_Requirement_: Using the records that appear below, write out exactly the lines from the one with "uśmiechnięte dziewczyny wygląda" through the one with "2.坐骑驯养。点击左上方角色", keeping both end lines.

** Data shown follows **

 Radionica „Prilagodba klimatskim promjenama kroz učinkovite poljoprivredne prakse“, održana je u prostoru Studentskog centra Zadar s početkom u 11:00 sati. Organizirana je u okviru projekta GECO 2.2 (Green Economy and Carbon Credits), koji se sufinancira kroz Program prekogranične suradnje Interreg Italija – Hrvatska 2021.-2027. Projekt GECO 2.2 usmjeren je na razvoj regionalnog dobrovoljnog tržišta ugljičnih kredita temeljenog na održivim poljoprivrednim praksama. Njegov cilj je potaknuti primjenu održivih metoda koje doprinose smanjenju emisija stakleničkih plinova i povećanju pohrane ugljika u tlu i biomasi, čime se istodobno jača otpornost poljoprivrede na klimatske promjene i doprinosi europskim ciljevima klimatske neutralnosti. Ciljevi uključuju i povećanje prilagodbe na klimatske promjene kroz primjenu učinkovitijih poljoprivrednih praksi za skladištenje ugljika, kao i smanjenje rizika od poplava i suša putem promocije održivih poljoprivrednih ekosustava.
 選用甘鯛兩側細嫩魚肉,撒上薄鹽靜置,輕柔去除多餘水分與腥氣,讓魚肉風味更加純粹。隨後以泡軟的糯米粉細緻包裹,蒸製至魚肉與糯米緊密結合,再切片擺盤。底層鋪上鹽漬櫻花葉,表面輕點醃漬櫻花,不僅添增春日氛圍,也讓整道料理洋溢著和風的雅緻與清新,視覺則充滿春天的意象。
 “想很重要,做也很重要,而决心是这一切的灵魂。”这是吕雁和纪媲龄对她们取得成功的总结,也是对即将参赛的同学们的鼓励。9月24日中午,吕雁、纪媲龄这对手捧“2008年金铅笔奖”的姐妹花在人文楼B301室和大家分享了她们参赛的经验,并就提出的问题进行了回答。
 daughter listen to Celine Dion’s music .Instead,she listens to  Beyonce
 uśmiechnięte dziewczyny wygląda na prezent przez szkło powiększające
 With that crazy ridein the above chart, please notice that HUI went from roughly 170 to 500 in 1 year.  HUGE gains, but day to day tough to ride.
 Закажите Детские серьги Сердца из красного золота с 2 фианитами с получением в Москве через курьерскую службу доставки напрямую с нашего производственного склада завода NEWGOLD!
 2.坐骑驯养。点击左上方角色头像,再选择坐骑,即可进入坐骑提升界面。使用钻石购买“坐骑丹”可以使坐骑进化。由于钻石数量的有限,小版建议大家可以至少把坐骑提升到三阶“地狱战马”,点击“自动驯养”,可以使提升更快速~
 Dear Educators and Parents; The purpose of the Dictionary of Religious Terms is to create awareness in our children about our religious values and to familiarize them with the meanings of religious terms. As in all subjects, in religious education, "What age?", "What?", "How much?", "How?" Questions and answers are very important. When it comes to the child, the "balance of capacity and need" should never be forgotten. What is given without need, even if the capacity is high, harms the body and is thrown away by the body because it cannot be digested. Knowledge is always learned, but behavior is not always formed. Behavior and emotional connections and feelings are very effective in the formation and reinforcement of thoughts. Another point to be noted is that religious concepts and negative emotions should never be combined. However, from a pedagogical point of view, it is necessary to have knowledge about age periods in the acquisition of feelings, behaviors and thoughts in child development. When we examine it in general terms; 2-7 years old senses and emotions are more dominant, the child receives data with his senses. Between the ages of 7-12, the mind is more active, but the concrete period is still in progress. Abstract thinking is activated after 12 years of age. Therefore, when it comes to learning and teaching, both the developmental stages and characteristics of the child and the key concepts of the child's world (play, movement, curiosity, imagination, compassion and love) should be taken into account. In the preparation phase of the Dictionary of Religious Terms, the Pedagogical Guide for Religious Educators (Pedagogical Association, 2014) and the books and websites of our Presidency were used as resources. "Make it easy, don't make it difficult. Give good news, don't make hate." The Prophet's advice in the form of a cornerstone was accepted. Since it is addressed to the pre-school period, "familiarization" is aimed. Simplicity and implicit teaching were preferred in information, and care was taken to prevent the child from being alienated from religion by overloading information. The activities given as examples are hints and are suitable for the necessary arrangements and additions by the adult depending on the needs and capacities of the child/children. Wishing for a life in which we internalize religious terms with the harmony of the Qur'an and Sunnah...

** End of Data shown **
** Data shown follows **

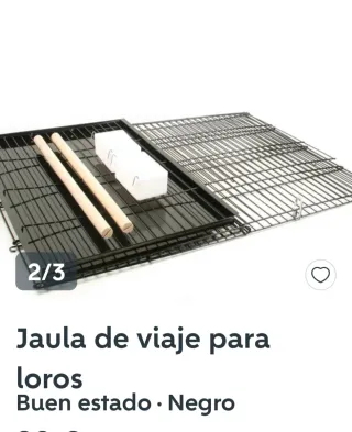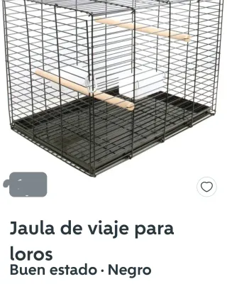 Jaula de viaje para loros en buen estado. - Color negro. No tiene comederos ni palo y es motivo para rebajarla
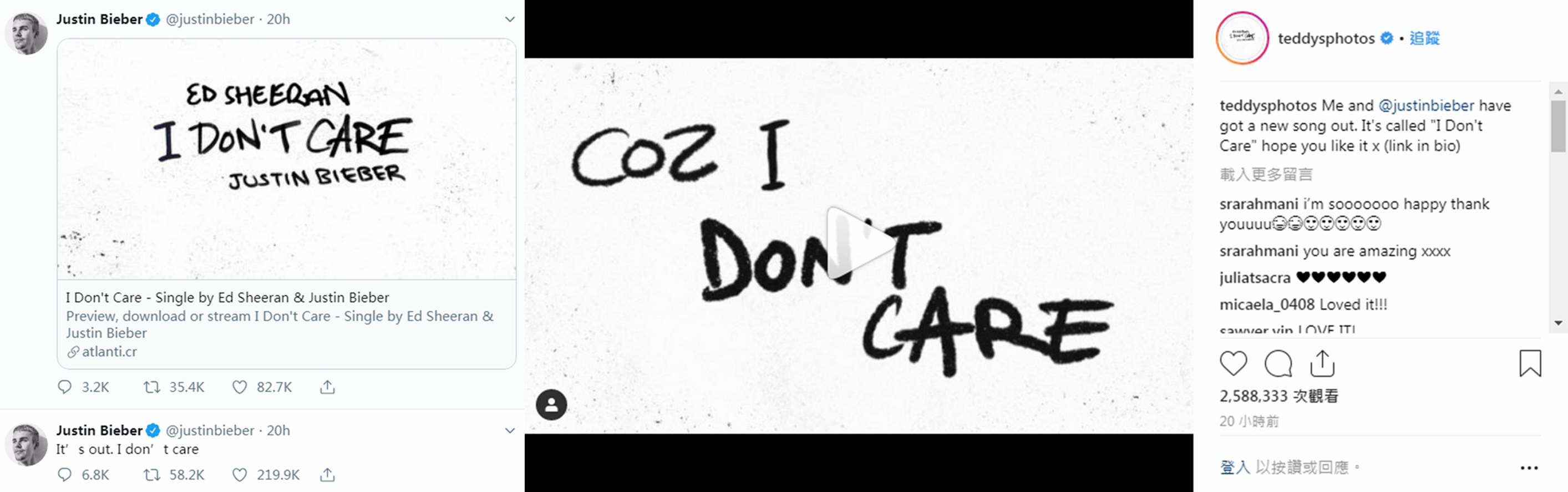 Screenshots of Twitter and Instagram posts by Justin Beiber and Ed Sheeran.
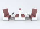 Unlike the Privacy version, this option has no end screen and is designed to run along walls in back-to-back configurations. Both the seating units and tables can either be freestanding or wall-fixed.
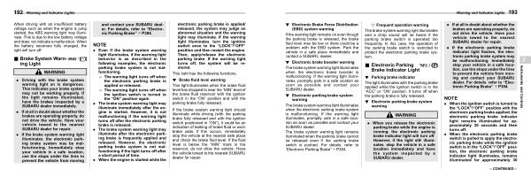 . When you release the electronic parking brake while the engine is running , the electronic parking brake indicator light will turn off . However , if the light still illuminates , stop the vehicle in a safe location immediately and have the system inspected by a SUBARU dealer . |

** End of Data shown **
** Data shown follows **

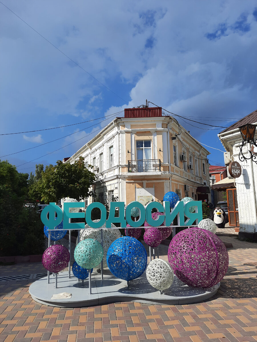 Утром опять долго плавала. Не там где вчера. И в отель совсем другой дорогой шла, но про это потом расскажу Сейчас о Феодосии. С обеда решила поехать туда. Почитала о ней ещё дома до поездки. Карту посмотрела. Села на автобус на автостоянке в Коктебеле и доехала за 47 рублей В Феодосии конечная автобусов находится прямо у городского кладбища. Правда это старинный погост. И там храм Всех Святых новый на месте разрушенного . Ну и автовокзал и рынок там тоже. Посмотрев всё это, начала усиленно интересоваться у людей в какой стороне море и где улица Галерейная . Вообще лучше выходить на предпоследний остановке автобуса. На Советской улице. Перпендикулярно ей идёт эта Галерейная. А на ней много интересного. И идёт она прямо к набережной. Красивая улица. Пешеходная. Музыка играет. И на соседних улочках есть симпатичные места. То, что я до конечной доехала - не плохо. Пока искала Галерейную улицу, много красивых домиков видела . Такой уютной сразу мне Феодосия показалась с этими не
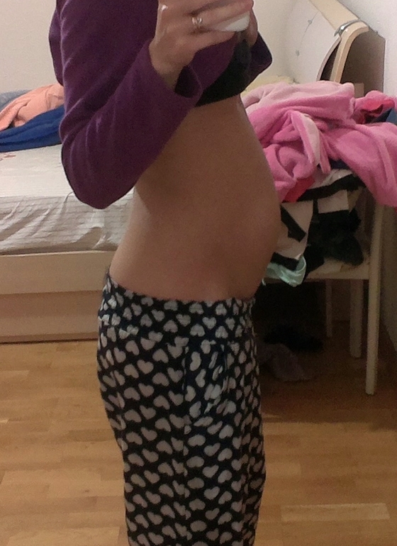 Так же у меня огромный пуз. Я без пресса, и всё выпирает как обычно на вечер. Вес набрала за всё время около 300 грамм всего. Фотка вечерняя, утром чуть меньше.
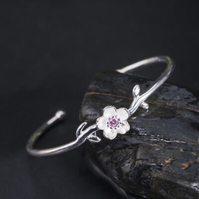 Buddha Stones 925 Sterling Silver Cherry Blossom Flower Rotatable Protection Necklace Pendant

** End of Data shown **

_Answer to this task_:
 uśmiechnięte dziewczyny wygląda na prezent przez szkło powiększające
 With that crazy ridein the above chart, please notice that HUI went from roughly 170 to 500 in 1 year.  HUGE gains, but day to day tough to ride.
 Закажите Детские серьги Сердца из красного золота с 2 фианитами с получением в Москве через курьерскую службу доставки напрямую с нашего производственного склада завода NEWGOLD!
 2.坐骑驯养。点击左上方角色头像,再选择坐骑,即可进入坐骑提升界面。使用钻石购买“坐骑丹”可以使坐骑进化。由于钻石数量的有限,小版建议大家可以至少把坐骑提升到三阶“地狱战马”,点击“自动驯养”,可以使提升更快速~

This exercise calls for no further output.